Tuesday, September 24, 2013

Slim Down

Sometimes the best way to “get back” to your healthy lifestyle is going back to the simple, beginner steps. It never hurts to start over with a clean slate–that includes your exercise. In fact, a lot of people get injured rushing into an exercise program that they’re body isn’t ready for. Let’s rewind and re-teach ourselves good form and technique. You may be surprised to find that there are new studies supporting different posture do’s and don'ts!
180Squat3

Squats: You’ve heard this one a million times, yet most people don’t keep a close eye on it: knees behind the toes. So, why does it matter so much? Originally, research from Duke University had supported theory that keeping your leg vertical (as much as possible) when you squat reduced the “shearing forces on the knee.” Surprisingly, new research from Memphis University has found that although that fact is true, it is secondary to your hip position in a squat–the true culprit for injured backs. Hip stress increases 1,000 percent when your knees aren’t allowed to move forward (because you are leaning your torso forward), even though going past your toes increases the stress on your knee.
Solve the dilemma by paying the most attention to your hip and back alignment, which should be upright. A simple way to increase the difficulty of a squat is to use a bed pillow. Make it even harder by going single legged and stand on the pillow. A report from the Mayo Clinic stated that men who had attempted the single leg squat while standing on the cushy surface worked their leg and hip muscles up to 13 percent harder. How’s that for an at-home gym? Really step it up with a balance board which immediately activates your core stabilizers as well! We love using Valeo’s Tri-Level Balance Board.
PushUp
 
Push Ups and Planks: Let’s start from the top of the issue: your head. Don’t strain your neck in a push up. It shouldn’t be craning up. Your eyes should comfortably rest below and in front of you. Your arms should be underneath your shoulders, not in front of your head. Protect your wrists by keeping the weight on the outside of the palms–they were not built to support your entire body weight! From the upper back to the toes, your body should be in a straight line. And, it should move as such. Do not sag your hips or point them upwards (where you resemble a mountain peak). Plus, it helps engage that core!
abwork

Abdominal Work: Okay, so what’s the deal with this term, “pull your belly button to your spine?” Do not take this movement literally. You shouldn’t be sucking in. Brace your abs rather than sucking them in. You will really notice the difference when you tilt your pelvic floor muscles upward.

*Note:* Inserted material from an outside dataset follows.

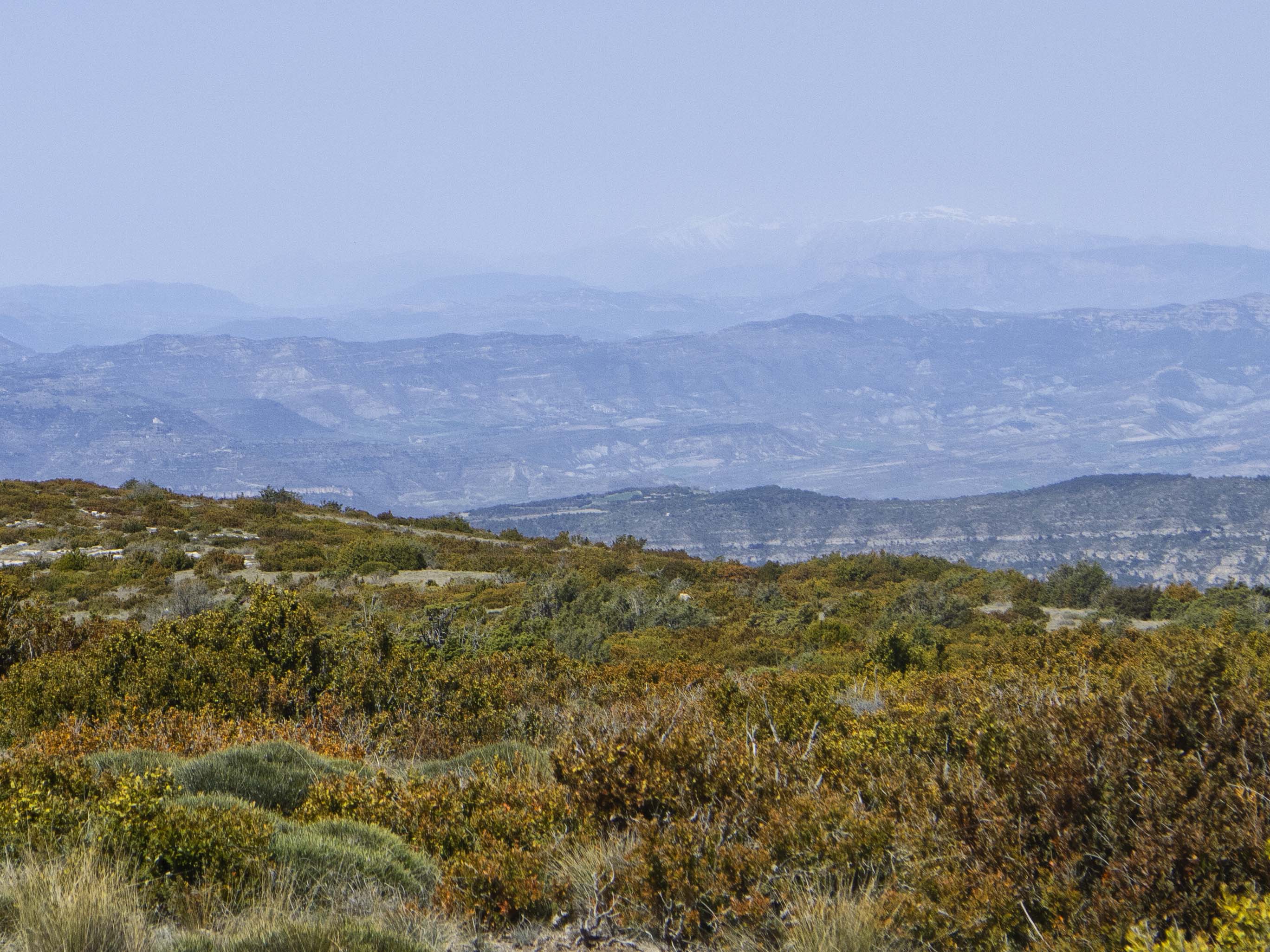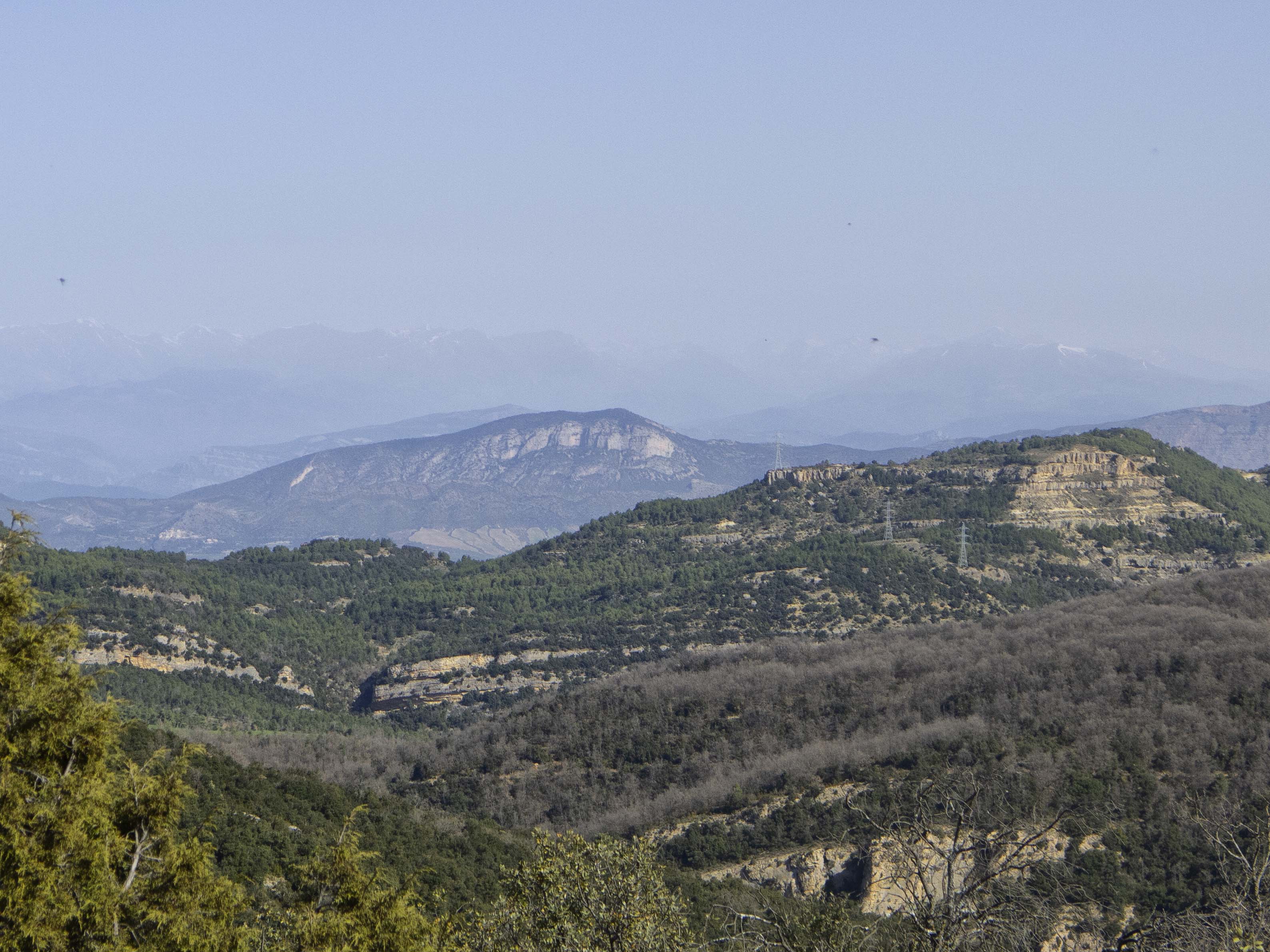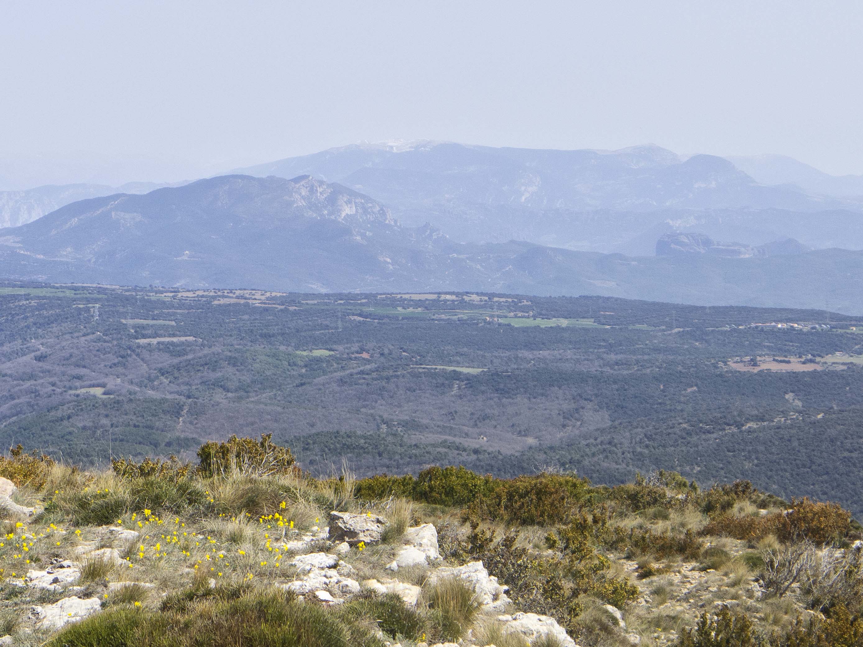 Al norte, tras la Serra de Montllobar y el Sis, apenas se aprecia el Turbón y el Cotiella, con la nieve manchando solo las partes altas.

In a Men’s Health article debunking common muscle myths, Stuart McGill, Ph.D., author of Ultimate Back Fitness and Performance, said this about the “new standard”: “If you want to give your back a supporting hand, simply “brace” your abs as if you were about to be punched in the gut, but don’t draw them in. “This activates all three layers of the abdominal wall, improving both stability and performance.”

Challenge your abdominal wall with a core ball–it also feels great on your back. These little guys rest right under your lower back and allow you a full range of motion that the floor prohibits when you crunch. Again, we love Valeo and their Core Training Ball (pictured below). Feel how your abs engage and try to mimic that contraction in all your exercises, no matter what muscle group you are targeting!